I’m under an awning, and a dark figure is wiping water from my face with a big hard sponge or something. I mumble something, spitting water. The figure curses and tries to wipe my mouth.
“The art gallery place? That’s not too far. Shit, just lean into me, we’ll get there.”
It’s a long walk up to the atelier. The door. Where’s my key. Who’s this with me? It’s a woman with long dark hair, all wet too. Everything is black and grey, sable and ash. A flash of silver lightning splits the darkness. I’ve seen that face before.
“Miura?”
I automatically kick the spare key out from under the cat sculpture. She bends to pick it up and I have to not kick her in the head because it might kill her. She helps me open the door.
*****
We’re warmer and drier now.
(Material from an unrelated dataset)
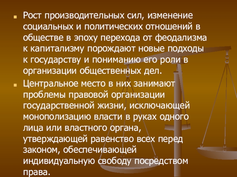 Слайд 5В период начавшегося разложения феодализма идеи правовой государственности с позиций

I feel warm because there’s someone in the room with me. I haven’t had a real person in here for a long time, I only have paint-people in here with me and they’re always not right.
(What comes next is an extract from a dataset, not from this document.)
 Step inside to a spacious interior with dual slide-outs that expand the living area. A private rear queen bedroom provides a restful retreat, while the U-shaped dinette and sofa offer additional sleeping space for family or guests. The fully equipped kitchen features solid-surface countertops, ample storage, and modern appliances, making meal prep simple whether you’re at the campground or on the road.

Miura’s been looking around the atelier. Now she looks me up and down. “Gods, Tezuka, you’ve gone skinny. When was the last time you had a fucking meal?”
I don’t know. “I don’t know.”
She digs around under her raincoat and brings out a battered paper bag. “Well, lucky for us I went for sandwiches tonight. Here, you can have a bit of his and a bit of mine.”
She tears a chunk out of each of two large sandwiches, holding them down with her left arm. Then she looks for a clean surface and I feel sad that she won’t find one. I have some wax paper in a corner and I grab hold of some and pass it to her, sweeping my foot through a large arc and letting it fan out.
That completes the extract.